→ Given information
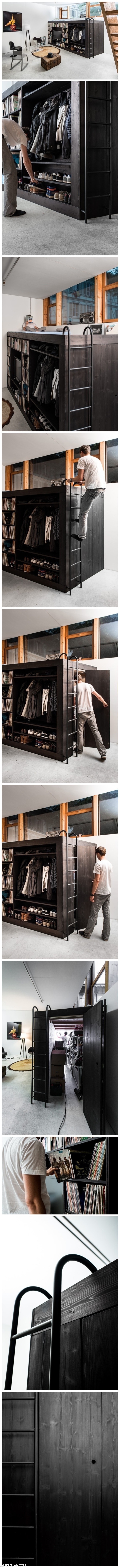 设计师Till Knneker带来了简约和多功能的立方体起居柜(The living cube)的设计。立方体的前方可用来摆放以及收纳电视、书籍、衣物鞋子或其它杂物,便于取放;沿着小梯子爬上去的顶部是客卧;而内部则是一个宽阔隐蔽的杂物储藏间。
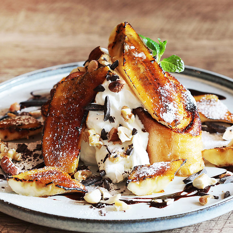 フレンチトーストに相性の良いチョコソースとキャラメリゼしたバナナのベストマッチ!
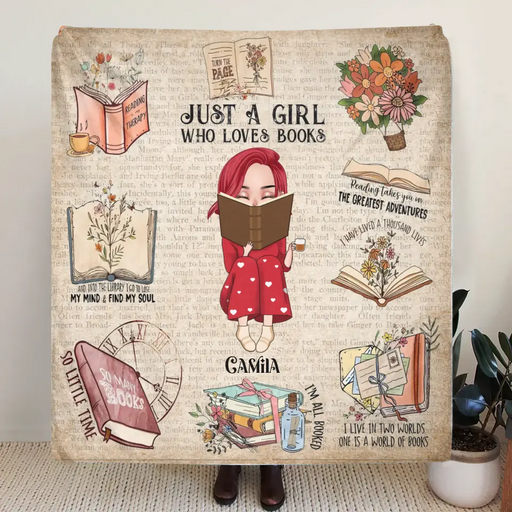 Personalized Reading Girl Quilt/Fleece Throw Blanket/Pillow Cover - Gift Idea For Book Lover - Just A Girl Who Loves Books
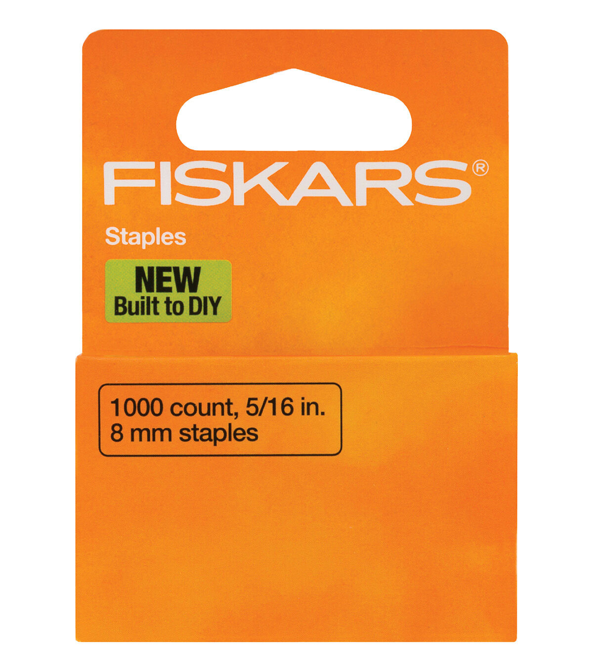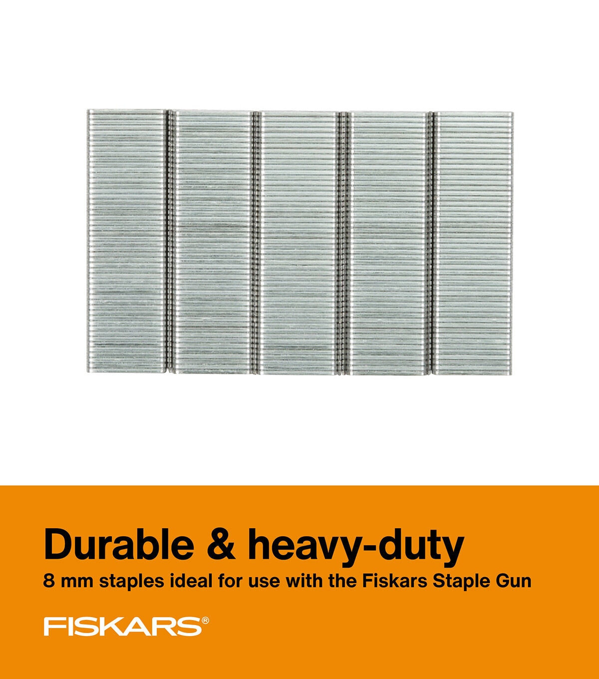 Durable, heavy-duty and 8 mm staples from the Fiskars DIY Staple Refills are easy to replace. They are ideal for use with the powerful yet easy-to-maneuver Fiskars Staple Gun. The pack contains 1000 staples.

→ About this exercise
Every line from the one with "フレンチトーストに相性の良い" through the one with "Personalized Reading Girl" is to be reproduced exactly as written above, and the pictures are to be dropped.

→ Completed exercise
 フレンチトーストに相性の良いチョコソースとキャラメリゼしたバナナのベストマッチ!
 Personalized Reading Girl Quilt/Fleece Throw Blanket/Pillow Cover - Gift Idea For Book Lover - Just A Girl Who Loves Books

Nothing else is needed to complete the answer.